En esta ocasión para El Cuentacuentos uso tanto la frase de Ninive al iniciar el texto como una frase que propuso Roc hace unas semanas y que yo he adaptado un poco. Ambas figuran en negrita. Con una comienzo el relato y con la otra lo cierro, tal y como proponía Roc.



(Dedicado al niño que todos llevamos dentro).

“El globo rojo trataba de esquivar aquella multitud sobre la acera, lo cual no resultaba fácil en absoluto; dado lo concurrido de todas las calles de la ciudad en aquellas fechas y las dimensiones del descomunal globo. A menudo rozaba con balcones o adornos de fachadas peligrando, pero no se detenía más que unos segundos y proseguía su camino.

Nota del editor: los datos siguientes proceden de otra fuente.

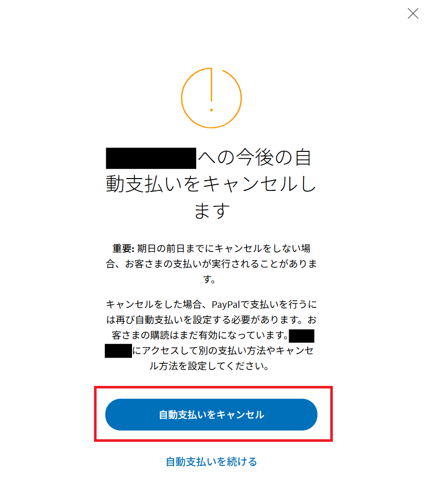 [自動支払いをキャンセル]ボタンをクリックします。

“A su paso una mezcla de serpentinas y confeti se iban posando en papeleras, bancos, baldosines y hasta en los hombros, zapatos y cabezas de los transeúntes, arrastradas por el viento invernal. Los niños se arremolinaban a su alrededor, alzando la cabeza para contemplarlo mejor, gritando jocosos y tironeando con fuerza de la mano de sus cansadas madres, con peligro de descoyuntarlas, sin dejar de perseguir al rojo globo. Por su parte, la gigante bola proseguía impertérrita su viaje, rodando y rodando allá en lo alto, desplazándose a decenas de metros por encima del suelo. No tenía cestilla visible y su apariencia era la de un zepellin algo más moderno y quizá un poco más pequeño de lo habitual en ese tipo de artilugios.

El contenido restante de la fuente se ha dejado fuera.